René Monory : Eurodisney n'a pas raté, parce qu'Eurodisney, ils ont quand même 9 millions de visiteurs par an, ce n'est pas mal ! On ne les a pas encore au Futuroscope, ça viendra peut-être. Parce que, maintenant, on a des ambitions. Mais, cela dit, je crois d'une part qu'on a beaucoup moins investit, enfin, beaucoup moins cher, et pour un spectacle un peu plus long. Et d'autre part, on a été très pragmatique. Comme on n'avait pas d'argent, ça a été ma chance, on est allé progressivement. Si j'avais eu de l'argent, si j'avais fait un grand parc d'un seul coup, alors là, j'aurais sans doute échoué également. Et puis, vraiment, il y a une équipe de gens qui m'ont fait confiance et on a bien géré. Bon, c'est tout.

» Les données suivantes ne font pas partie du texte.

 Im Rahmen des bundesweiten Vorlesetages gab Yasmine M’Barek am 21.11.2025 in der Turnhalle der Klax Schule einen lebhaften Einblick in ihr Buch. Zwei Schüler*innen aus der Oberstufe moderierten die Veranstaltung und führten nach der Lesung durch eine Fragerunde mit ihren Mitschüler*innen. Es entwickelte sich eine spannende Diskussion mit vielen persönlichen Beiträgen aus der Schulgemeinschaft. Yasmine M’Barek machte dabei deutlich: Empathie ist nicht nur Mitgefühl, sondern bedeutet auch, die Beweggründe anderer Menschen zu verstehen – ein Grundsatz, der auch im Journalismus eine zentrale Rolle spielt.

François-Henri de Virieu : Merci, Albert du Roy. C'était donc L'heure de vérité de Monsieur René Monory, président du Sénat, ancien ministre, maire de Loudun, dans la Vienne. Rediffusion cette nuit sur TV5 Europe, dès 0 h 45, puis sur France 2 à 1 h 20, et demain à 11 heures sur TV5 Europe, à nouveau. Notre prochain invité sera Monsieur Alain Madelin, ministre des Entreprises et du Développement économique. Monsieur Madelin représentait la tendance ultra-libérale dans le gouvernement de Monsieur Chirac, en 1986, gouvernement de la précédente cohabitation auquel vous apparteniez, d'ailleurs, Monsieur le président. Et aujourd'hui, l'ultra-libéralisme est un peu passé de mode, et on ne parle plus beaucoup de Monsieur Madelin. Il va de nouveau faire parler de lui en prenant le 9 mars, l'initiative politique de lancer un mouvement de réflexion qui rassemblera les partisans de la réforme. Est-ce que vous approuvez cette initiative, Monsieur le président ?

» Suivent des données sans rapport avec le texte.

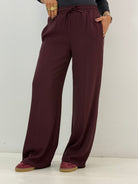 Pantalone con tasche laterali a scomparsa, elastico in vita e coulisse regolabile, modello a gamba larga. Vestibilità a taglie.

René Monory : Tout à fait. Je crois d'ailleurs qu'il a lancé, mon ami Alain Madelin, de très bonnes idées sur l'entreprise, et qu'il voudrait sortir ces entreprises du carcan administratif dont elles souffrent beaucoup, et j'approuve tout à fait ses orientations.
François-Henri de Virieu : Voilà. Dans cinq minutes, le journal présenté par Bruno Masure. Bonne semaine à tous.